Flag-leaf photosynthesis in wheat contributes about 30–50% of the assimilates for grain filling (Shearman et al., 2005), and the onset and rate of senescence are clearly important factors for determining resistance to abiotic stress. Hansen et al. (2005) studied 20 spring wheat cultivars and found that modern cultivars tended to have higher yields and later senescing flag leaves. Blake et al. (2007) also reported that prolonged photosynthesis in the flag-leaf increased yield in a population of recombinant inbred lines. In the present experiments, the value of LADflag_leaf, like that of the growth rates, gave a good reflection of the effects of N fertilization, cultivar and year. LADLAI and the cumulative value of BMD, like the other parameters, clearly demonstrated the influence of mineral fertilization. The linear relationship between LAD and BMD pointed to the importance of size and duration of the leaf area (the major photosynthesizing organ of the plant) in biomass formation. The linear relationships between leaf area growth rate and LAImax, and between AGR and BMD indicated the importance of growth rates in the formation of leaf area and biomass.

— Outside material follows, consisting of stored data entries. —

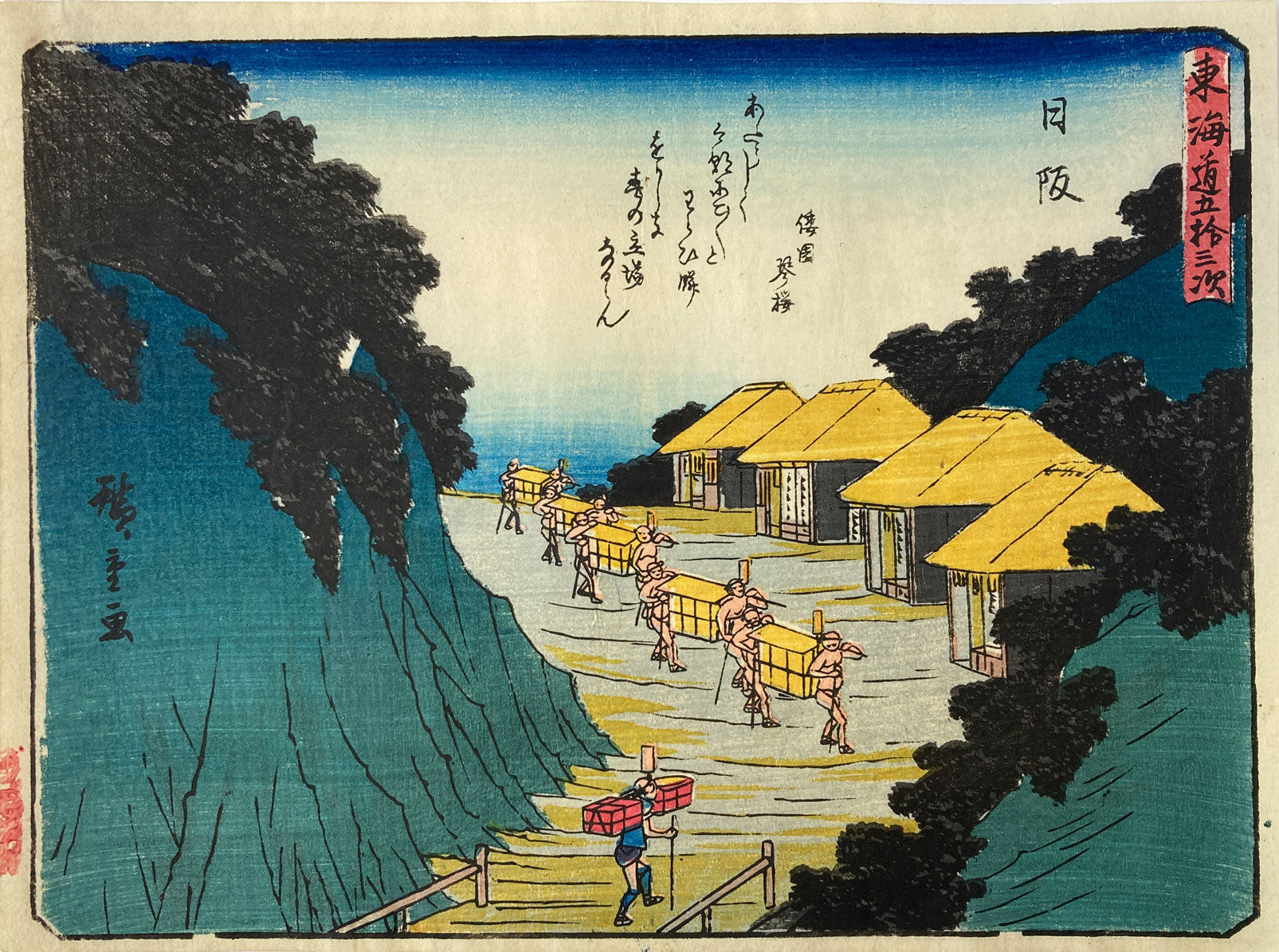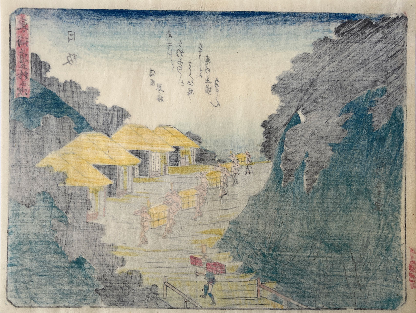 Station number 26 from the "Tokaido Goju-san Tsugi" 東海道五十三次 ("Fifty-three Stations of Tokaido"), Each print in this series has a short comic poem (in Japanese: "kyoka"). Hence this series is known as the Kyoka Tokaido - also known as the Sanoki Tokaido after the publisher.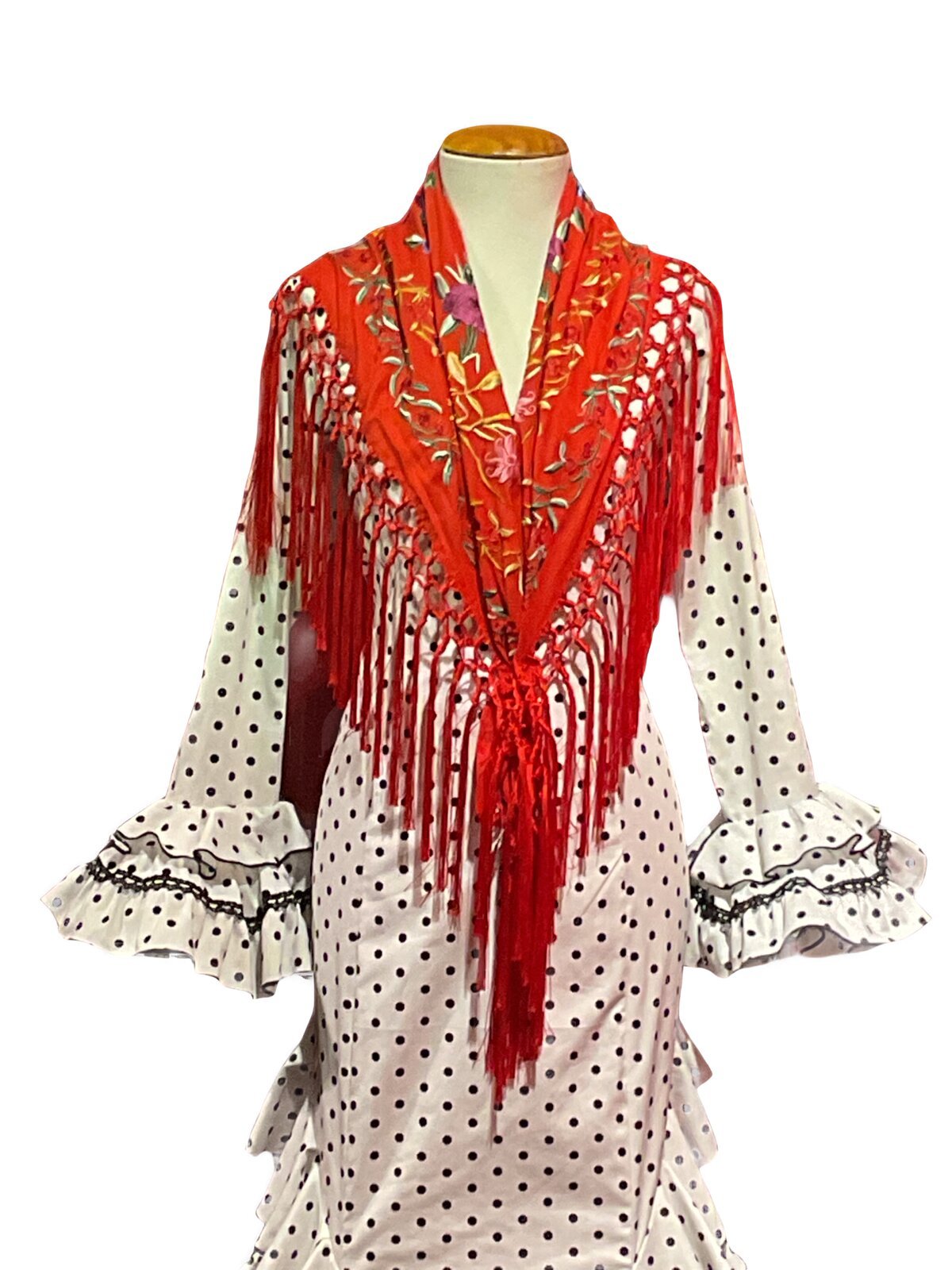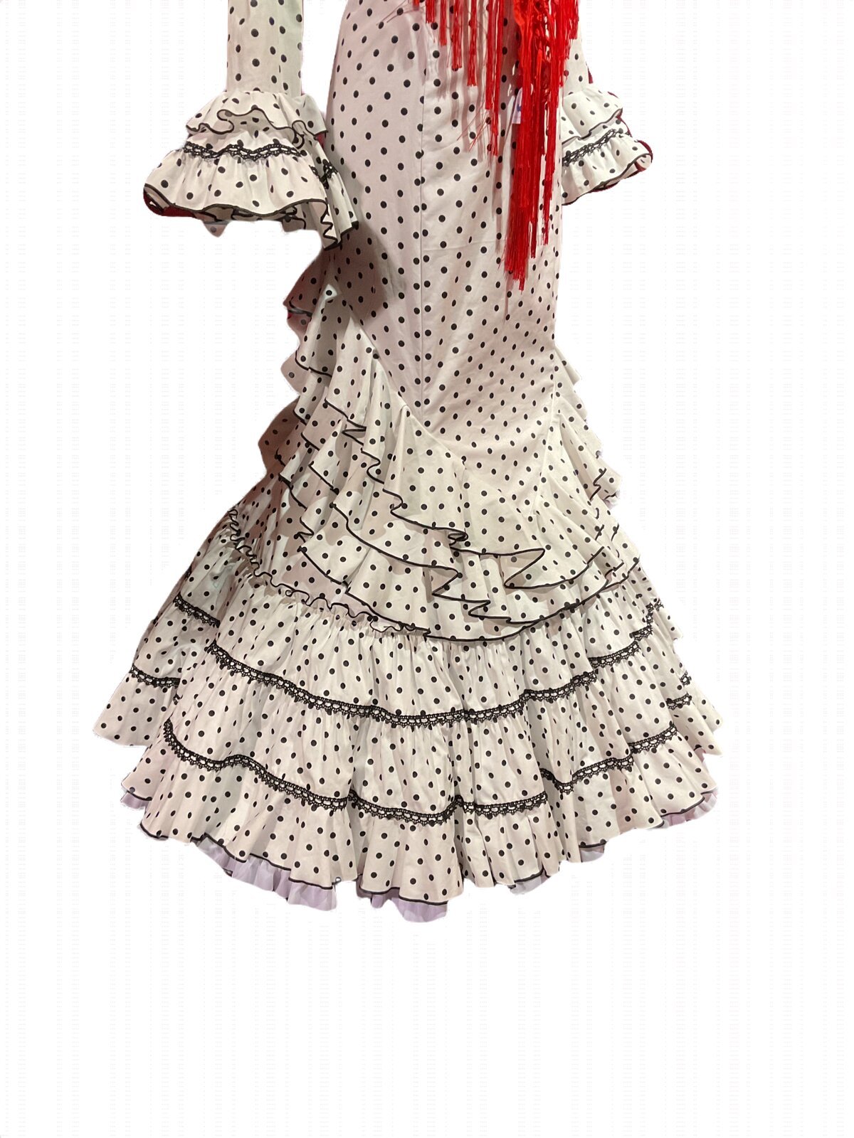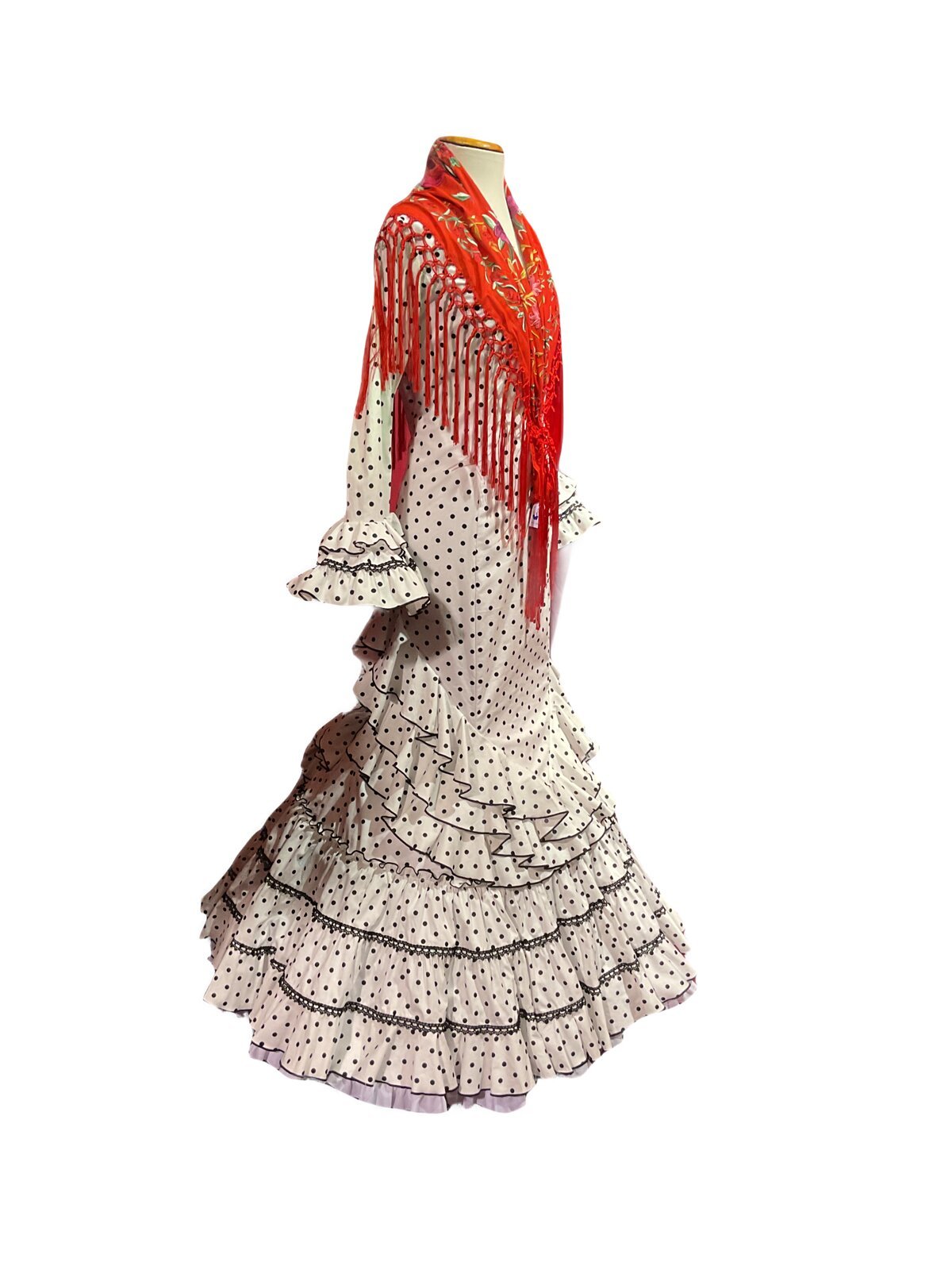 Vestido enterizo de falda canastera con volantes que suben en la cadera . Mangas largas con volantes en el puño. Escores delantero y trasero en pico.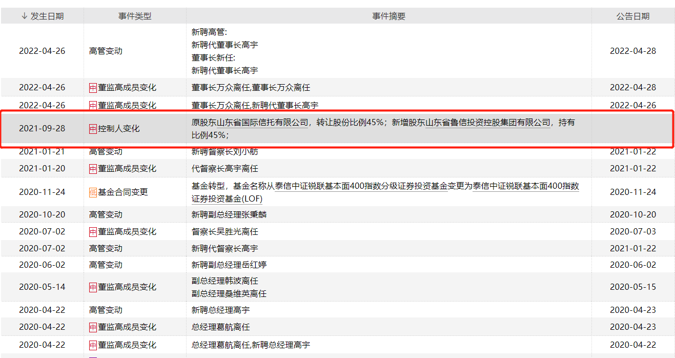 值得注意的是,2021年9月,泰信基金原股东山东省国际信托,转让了其持有的全部股份45%。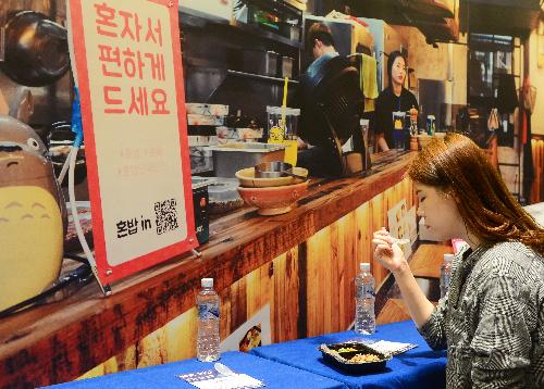 한 서울 시민이 혼밥(혼자 밥먹는 행위)를 체험하고 있다. 사진/뉴시스
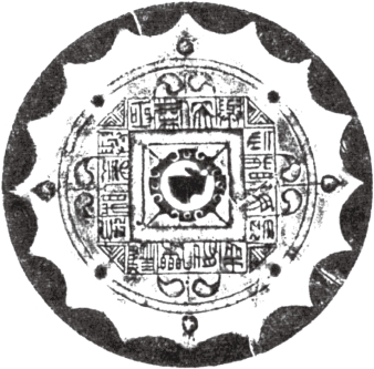 圆形。伏螭钮。方格铭文为:“与天相寿,与地相长。”方格外四正位配置花瓣纹,两侧有对称连叠花叶纹。四隅位配置二叶一苞花枝纹。十六内向连弧纹缘。直径15.9厘米。广东广州西汉前期墓出土。《广州汉墓》153页图九二.3。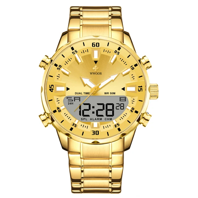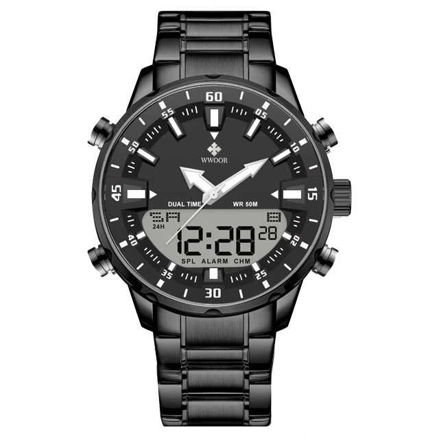 WWOOR New Luxury Digital Watch For Men Sports Big Watches LED Quartz Wristwatch Waterproof Male Clock Military Relogio Masculino
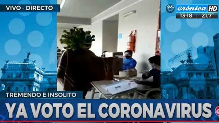 El coronavirus votante se hizo presente ayer en Jujuy. Quienes estaban trabajando en la mesa se sorprendieron y se tomaron a chiste lo que ocurría. A diferencia del hombre carpincho del nordelta, el coronavirus sí pudo votar.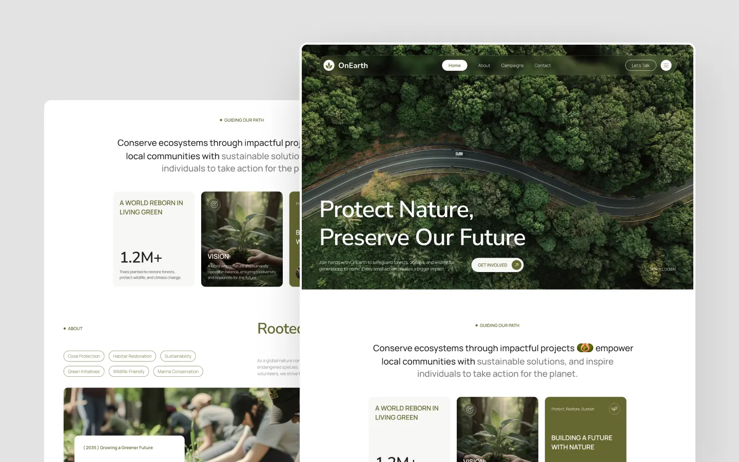 OnEarth embraces a nature-inspired design language that reflects environmental values while maintaining a clean and professional interface.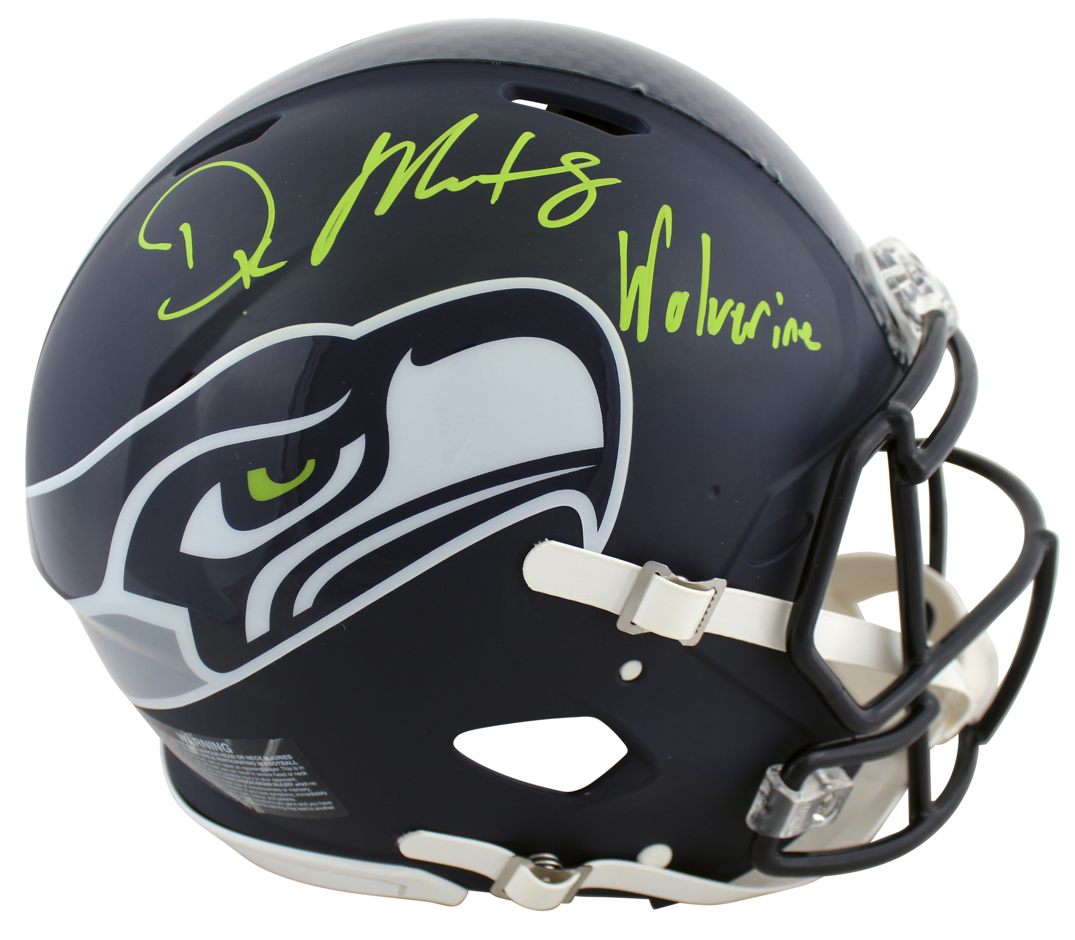 This Autographed Full Size Speed Proline Helmet W/ Uv Mirrored Back Acrylic Display Case with the inscription of "Wolverine" has been Personally Signed by D.K. Metcalf of the Seattle Seahawks. This item is 100% Authentic to include a hologram by Beckett Authentication Services. This item will come with the new Beckett Authentication hologram that has a scannable QR code rather than the traditional COA. If you would like to have a COA, you are welcome to reach out to Beckett for a printed certification once you receive your item. This is a BAS Witnessed Protection Program item which means a Beckett Authentication Service representative was present when this item was being signed. We conducted an autograph signing with D.K. Metcalf where multiples of the same item were signed. While the photographs are representative of this item, the size, placement and strength of the signature may vary. Each item is hand signed, therefore, each autograph is unique. This item can be verified through BAS Witnessed.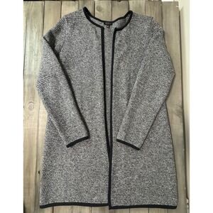 Talbots Womens Marled Gray Black Knit Cardigan Open Front Long Sleeve Jacket Med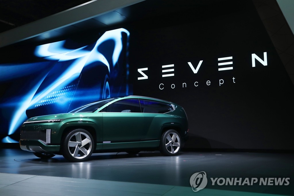 현대차는 지난해 11월 미국 로스앤젤레스 오토쇼에서 처음 공개한 대형 전기 스포츠유틸리티차(SUV) 콘셉트카 '세븐'(Seven)도 전시한다.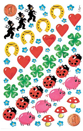 AVERY Zweckform Pappersdekaler lyckobringare 102 klistermärken (dekorativa klistermärken, nyckelpigor, hjärtan, hästskor, klöver, svamp, gris, pinig, skorstenssockare, självhäftande, scrapbooking, fotoalbum) 4413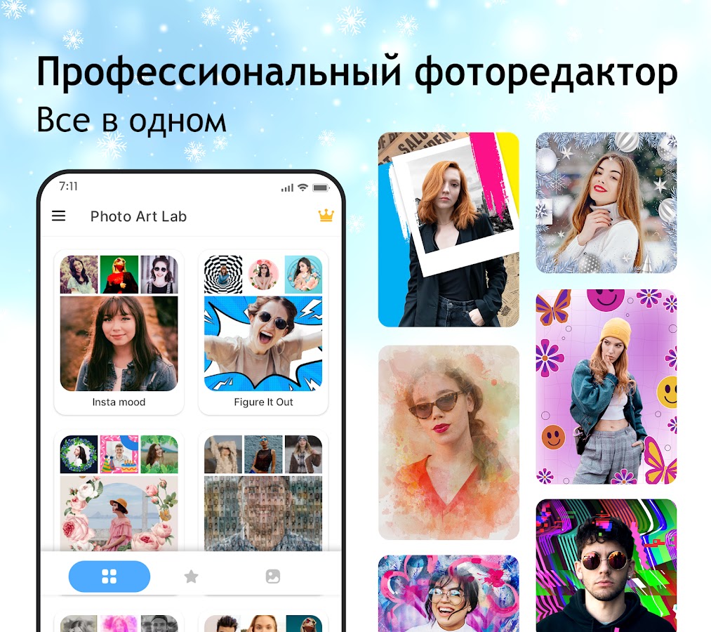 Восвободите творческий потенциал с помощью передовых инструментов редактирования Раскройте потенциал инструментов профессионального уровня на вашем смартфоне с помощью приложения «фотолаб бесплатно — фоторедактор». Это приложение использует свои возможности, основанные на ИИ, чтобы позволить вам улучшить качество снимков в одно касание — легкая ретушь, настройка параметров и персонализированный дизайн. Независимо от того, новичок вы или продвинутый редактор, редактирование еще никогда не было таким простым.

The positive effect of N fertilization up to N160 was demonstrated most consistently by the dynamics and mean (maximum and cumulative) values of growth parameters, in agreement with the yield response data (Sugár et al., 2016). Similarly, in spring wheat experiments performed by Farmaha et al. (2015), increasing N fertilization from low to medium generally increased the grain yield and above-ground dry matter, but no significant increases were observed when N fertilization increased from medium to high. In the present work, the growth parameters of wheat cultivars exhibited little difference, though in most cases, those of Mv Palotás and Mv Verbunkos had more similar values and were usually somewhat higher than those of Mv Toborzó. As regards the year effect, the growth rates and growth parameters were generally lowest in 2007, the year with unfavorable rainfall supplies, and higher in the favorable years of 2008 and 2009.
Multiple regression analysis demonstrated the significant effects of growth rates (AGR, RGR, ALGR, CGR), size and duration of leaf area (LAImax, LADflag_leaf, LADLAI), the size and distribution of biomass (BMD, LAR, HI) and the yield components on the size of the yield (per plant and per hectare). In agreement with the present results, Heggenstaller et al. (2009) showed that across systems (sole-crop and double-crop corn), variation in yield was positively related to maximum crop growth rate, maximum leaf area index and leaf area duration, but was not associated with maximum or seasonal net assimilation rate. It can be concluded from the present experiments that if higher temperature during the vegetative growth stage is accompanied by rainfall deficit, substantial yield losses can be expected despite the increase in vegetative growth. This is particularly important in the light of climate change (Hatfield et al., 2011; Kimball et al., 2016). The results showed that the value of many agricultural experiments could be greatly enhanced if data were available on plant growth and the partitioning of this growth.